* _THE PROBLEM_: Write out the entries below exactly, but only from the line containing "14/06/2020 | |" through the line containing "Buckle strap to", and without the pictures.

* _EXERCISE MATERIAL_:
----------

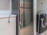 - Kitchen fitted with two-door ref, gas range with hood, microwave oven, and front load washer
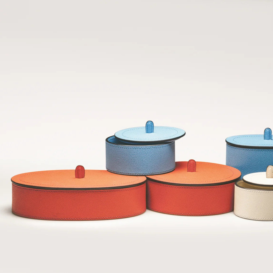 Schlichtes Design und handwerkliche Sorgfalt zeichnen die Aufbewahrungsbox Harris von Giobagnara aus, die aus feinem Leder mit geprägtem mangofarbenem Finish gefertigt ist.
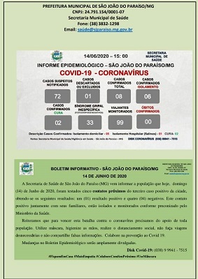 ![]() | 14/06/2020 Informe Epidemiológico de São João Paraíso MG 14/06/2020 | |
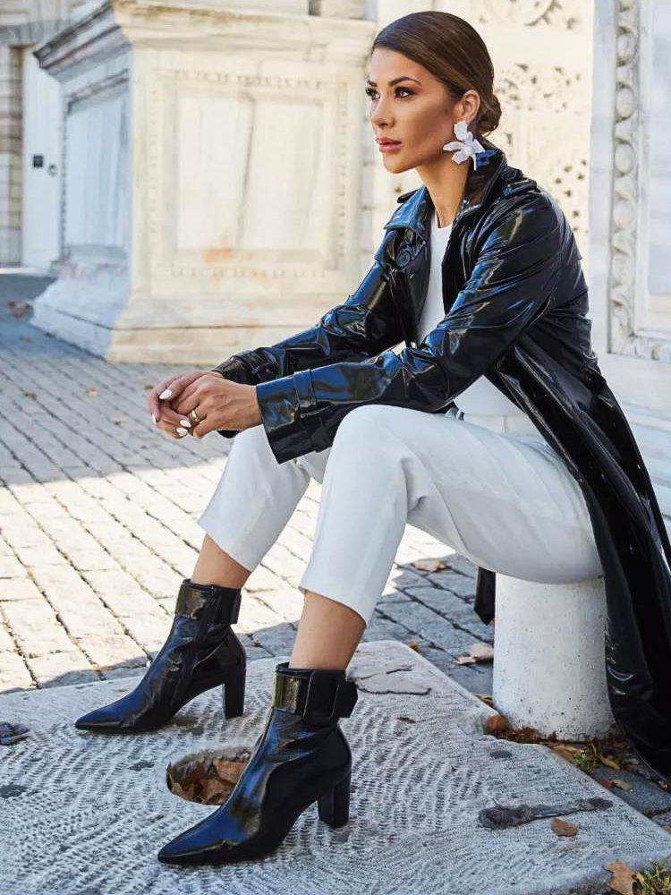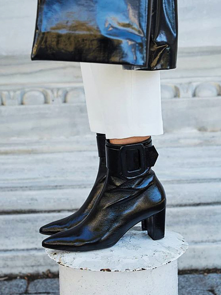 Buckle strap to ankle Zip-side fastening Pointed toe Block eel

----------

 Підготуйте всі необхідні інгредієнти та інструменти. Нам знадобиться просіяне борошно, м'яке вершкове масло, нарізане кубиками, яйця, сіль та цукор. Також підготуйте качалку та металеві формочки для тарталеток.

----------

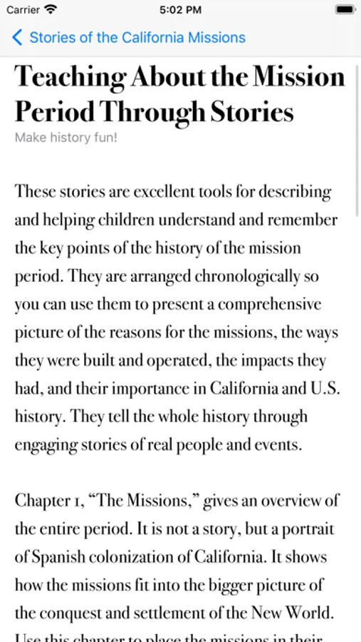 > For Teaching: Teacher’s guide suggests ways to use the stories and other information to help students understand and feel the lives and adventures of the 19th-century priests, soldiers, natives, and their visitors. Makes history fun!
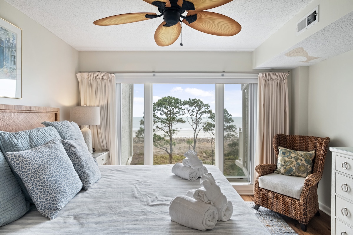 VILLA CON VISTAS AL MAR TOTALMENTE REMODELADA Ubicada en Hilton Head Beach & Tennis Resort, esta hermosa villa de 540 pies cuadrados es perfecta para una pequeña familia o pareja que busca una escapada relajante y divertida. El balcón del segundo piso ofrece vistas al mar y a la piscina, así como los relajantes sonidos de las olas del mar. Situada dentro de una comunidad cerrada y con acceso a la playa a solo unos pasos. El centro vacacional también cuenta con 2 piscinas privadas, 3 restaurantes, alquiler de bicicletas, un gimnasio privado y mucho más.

----------

* _TASK OUTPUT_:
 ![]() | 14/06/2020 Informe Epidemiológico de São João Paraíso MG 14/06/2020 | |
 Buckle strap to ankle Zip-side fastening Pointed toe Block eel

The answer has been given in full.